Marleix tente de rassurer sur la réforme des régions

Publié le par Grand Paris

PRESSE
LE FIGARO
25/02/2009
Samuel Laurent

Alors que la gauche refuse en bloc les projets de la commission Balladur et que certaines voix critiques s'élèvent à droite, le secrétaire d'Etat aux collectivités territoriales promet qu'il n'y aura pas de contrainte.

Nouveau chantier, nouvelle polémique. Alain Marleix, ministre des collectivités territoriales, en charge également du redécoupage des circonscriptions électorales, est monté au créneau mercredi pour rassurer sur la réforme des régions et des départements, qui suscite des remous à gauche, mais aussi dans les rangs de la droite.

Dans son rapport, Edouard Balladur propose de réduire le nombre des régions de 22 à 15, en fusionnant plusieurs ensembles, dont l'Alsace et la Lorraine, le Poitou-Charentes et l'Aquitaine ou Rhône-Alpes et l'Auvergne. Il propose aussi de fusionner les mandats de conseillers généraux et régionaux dans un nouveau corps de «conseillers territoriaux». Autant de propositions qui, à peine lancées suite à des fuites, font polémique chez les élus de droite, mais aussi de gauche.

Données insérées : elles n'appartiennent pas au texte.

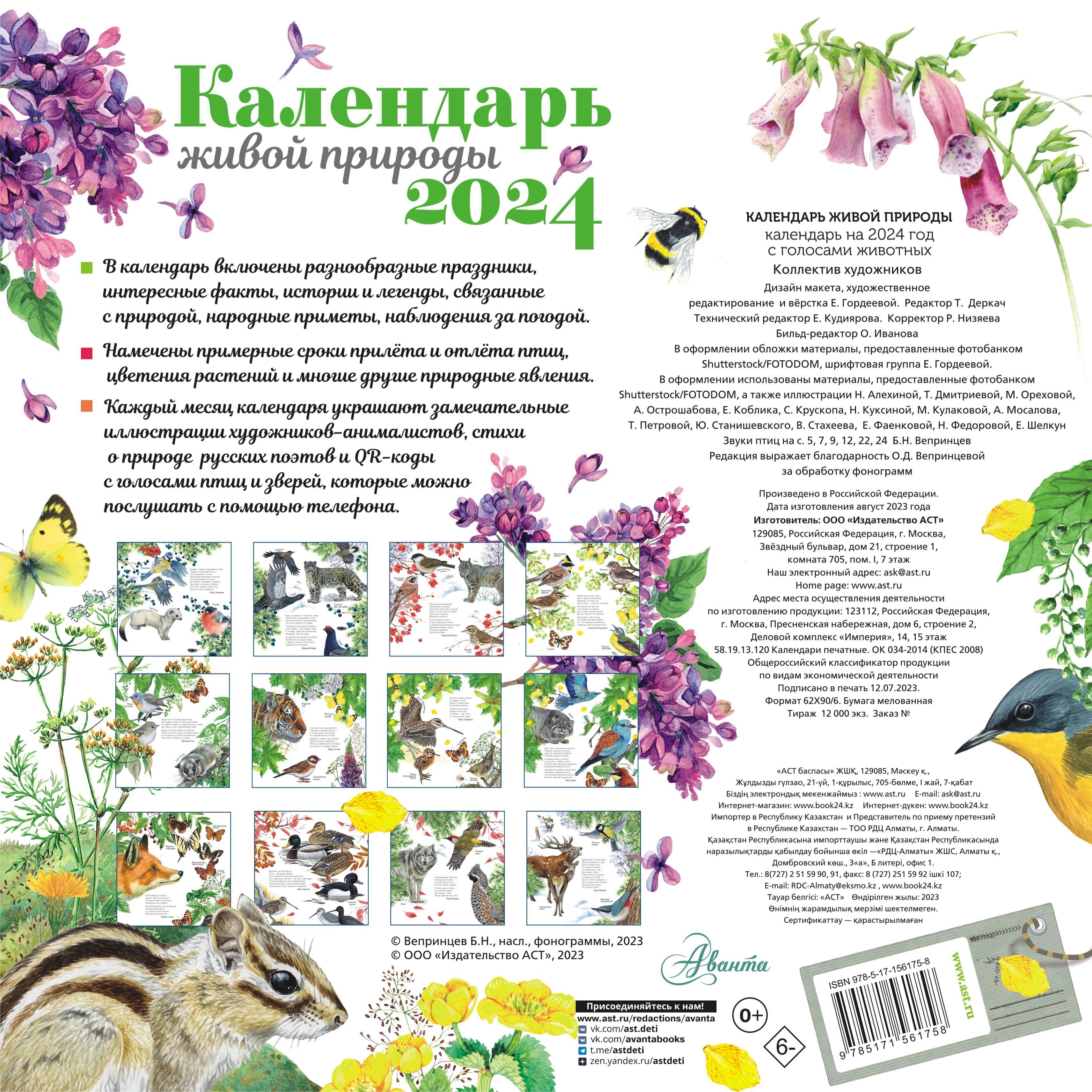 Аннотация: Календарь живой природы с голосами животных 2024 год
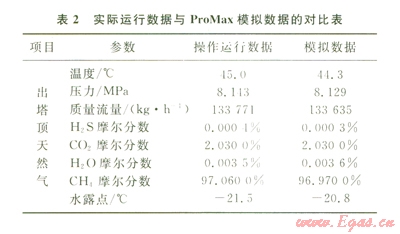 依據(jù)該天然氣脫水裝置的運行數(shù)據(jù),將各原料氣及TEG的參數(shù)輸入脫水裝置工藝模型,調整模型各 個參數(shù),使模擬數(shù)據(jù)與實際運行數(shù)據(jù)達到基本吻合,使輸出的凈化產品氣到達凈化干氣的氣質標準。表2為實際運行數(shù)據(jù)與ProMax模擬數(shù)據(jù)對比衷,據(jù)此來驗證所建立ProMax模型的準確性。

Et choquent les habitants de certaines régions concernées.

 

Critiques à droite comme à gauche

Le PS a directement refusé en bloc la réforme, expliquant que «la commission Balladur tourne le dos à une vraie modernité, à une vraie démocratie, pour des raisons que nous craignons politiciennes». Et Martine Aubry d'acccuser le gouvernement de vouloir «étrangler financièrement les régions», dont 21 sur 22 sont aux mains des socialistes.

A droite, ces propositions ne suscitent pas non plus l'enthousiasme. Mardi, le député UMP de Seine-Saint-Denis Eric Raoult a ainsi demandé du «temps» pour mettre en place la fusion de Paris et de ses départements limitrophes, préconisée dans le rapport. Selon lui, ce projet revient à «méconnaître les identités locales fortes acquises au fil des années», même si «il y a nécessité de créer une solidarité au niveau du tissu urbain autour de Paris». Pour le député, il s'agit «d'un objectif pour 2020 ou 2025» et pas 2014 comme le préconise le rapport Balladur.

Les deux régions Rhône-Alpes et Auvergne ont aussi affirmé qu'elles étaient opposées à leur fusion. Pour René Souchon, président PS du conseil régional d'Auvergne, cette idée est «stupide» car «l'Auvergne a une forte identité historique, géographique, économique. Et la supprimer ne résout rien et n'apporte pas plus d'efficacité». Selon lui, cette fusion est un «faux problème». «La réalité, c'est que les régions françaises n'ont pas les moyens financiers en rapport avec leurs compétences».

Quant à Rhône-Alpes, son président, le socialiste Jean-Jack Queyranne, a rappelé qu'il s'agissait d'une région «de taille européenne», dont la population est déjà «plus peuplée que dix Etats de l'UE». En Picardie, que la commission Balladur propose d'éclater entre trois régions (-de-France, Nord-Pas-de-Calais et Champagne-Ardennes), une pétition lancée au début du mois sur Internet contre ce projet a déjà recueilli 35.000 signatures

 

Marleix : «se nourrir» des propositions

La commission Balladur a fait des remous au sein même du gouvernement. Ministre des Affaires sociales, mais aussi élu auvergnat, Brice Hortefeux a estimé sur I-Télé que sa région était l'une des trois «identifiées par les Français» avec la Bretagne et l'Alsace. Dès lors, «il faut pas se précipiter, certainement faire de la pédagogie, consulter la population, et donc, engager une réflexion de manière sereine, et pas brutale».

Mercredi, Alain Marleix a donc tenté de déminer le terrain en affirmant qu'il «n'a jamais été dans l'intention du gouvernement de forcer la main et d'être contraignant d'une façon ou d'une autre» pour mettre en place ces nouveaux découpages territoriaux. Le secrétaire d'Etat promet que le gouvernement compte «se nourrir» des propositions de la commission Balladur, sans pour autant toutes les reprendre à son compte. Bref, il devient urgent d'attendre.